What can fans look forward to with your upcoming project(s)?
Tippett: I’m going to be talking to Shudder at the beginning of next year, and I have many projects that I’d like to do. After Mad God, I spent Covid designing a bunch of characters and shooting them against a blue screen and comping them into backgrounds. I’ve got 50 pieces of key art, 800 storyboards, and a script, and I am ready to go. It’s called Pequins Pendiquen. The title came up when I was in college with a buddy when we were smoking weed. I really don’t remember what the source of it was, but things like that stick with me. Anything that sticks, I kind of file away in my memory bank to use in a movie someday. Pequin is a shapeshifter and his objective is the Pendiquen. Again, it’s a typical Joseph Campbell story.
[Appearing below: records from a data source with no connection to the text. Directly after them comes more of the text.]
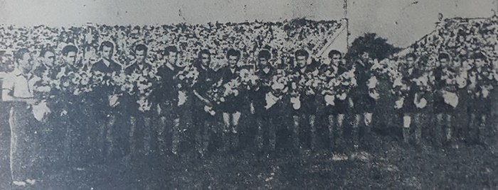 „Stegarii” la centrul terenului înaintea meciului din 3 august 1957. Primul din dreapta este antrenorul Silviu Ploeşteanu; sursa foto: Laura Ploeşteanu
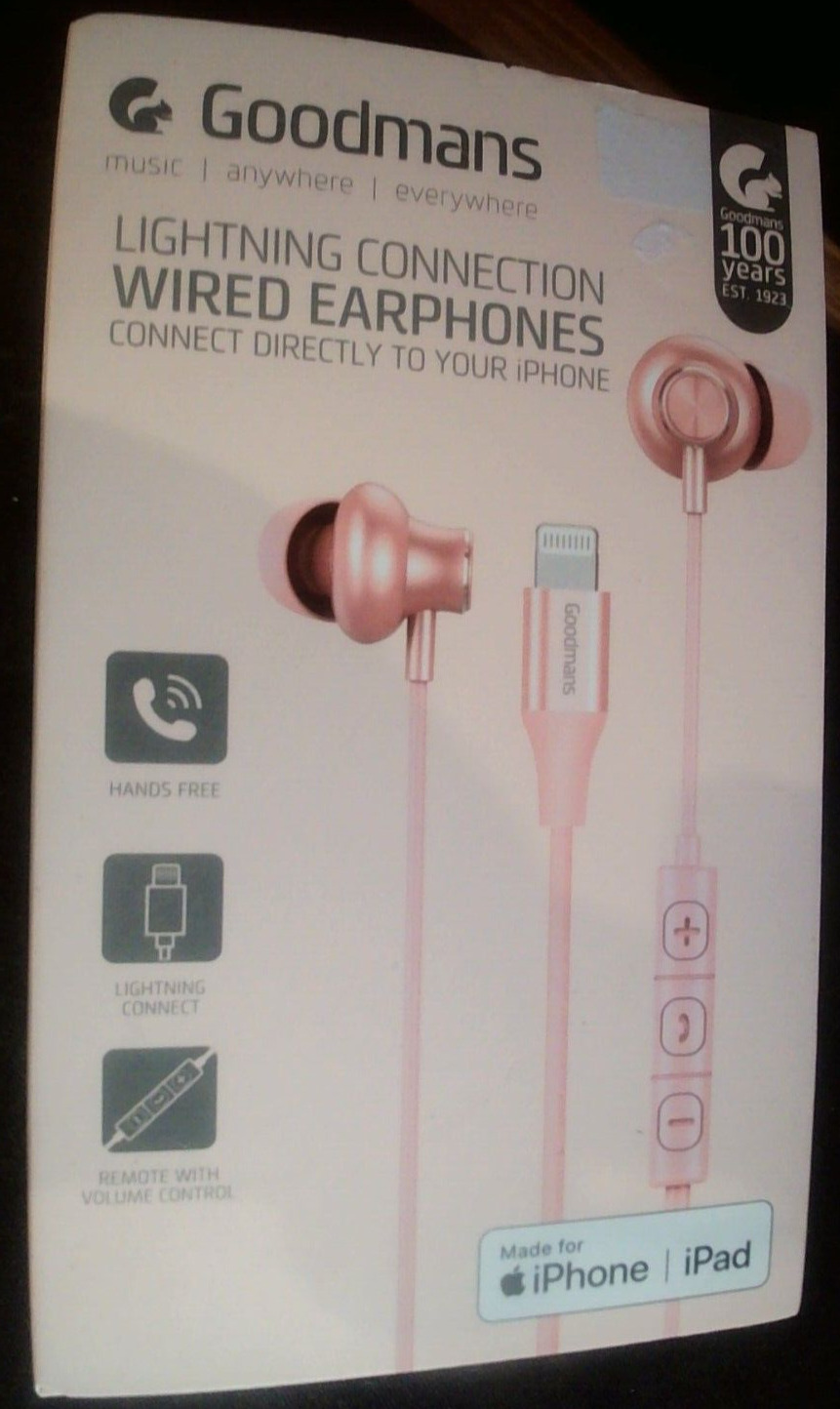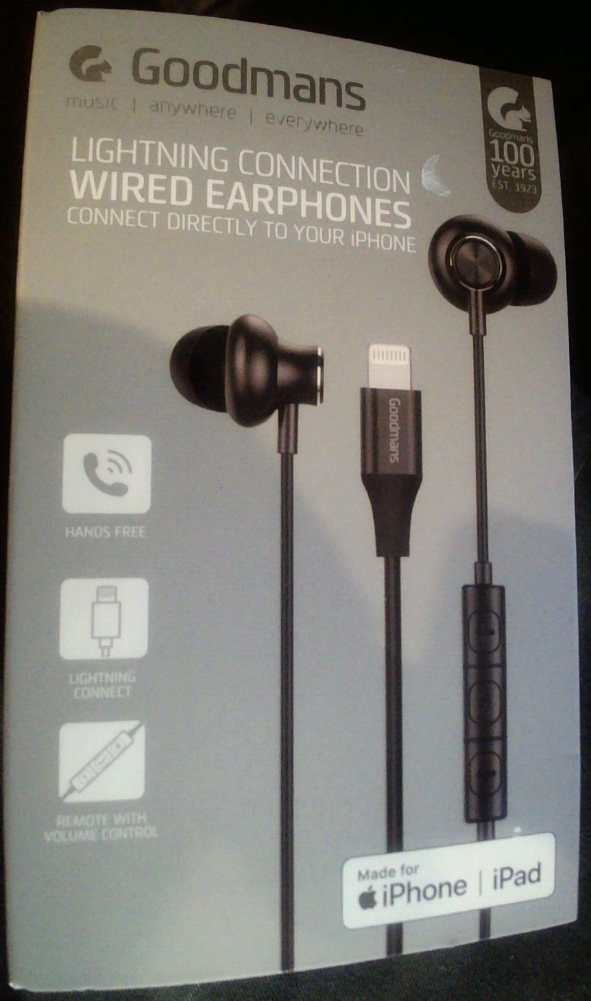 Goodmans Wired Earphones Lightning Connection (iPad/iPhone).Built-In Mic. Black
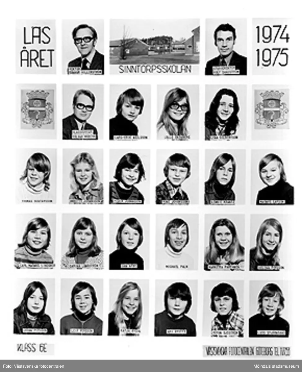 En bildkarta med skolfoton på klass 6E i Sinntorpsskolan, läsåret 1974/1975. Bildkartan är uppklistrad på ett fotoark i en pärm (MM23916) från Brattås rektorsområde, tillsammans med andra skolfoton MMF2004_1484-1522.

There are once-in-a-lifetime events – weddings, births, deaths, trips, squabbles, even – but they are powerful and fleeting. And then there once-in-a-lifetime films, and Mad God is one of them. Not only from the experience of viewing such profoundly unusual beauty and horror, but also from witnessing this historic feat of talent, patience, and creativity: much like the brush strokes of Monet and the music of Beethoven.
Mad God is available on the streaming platform Shudder.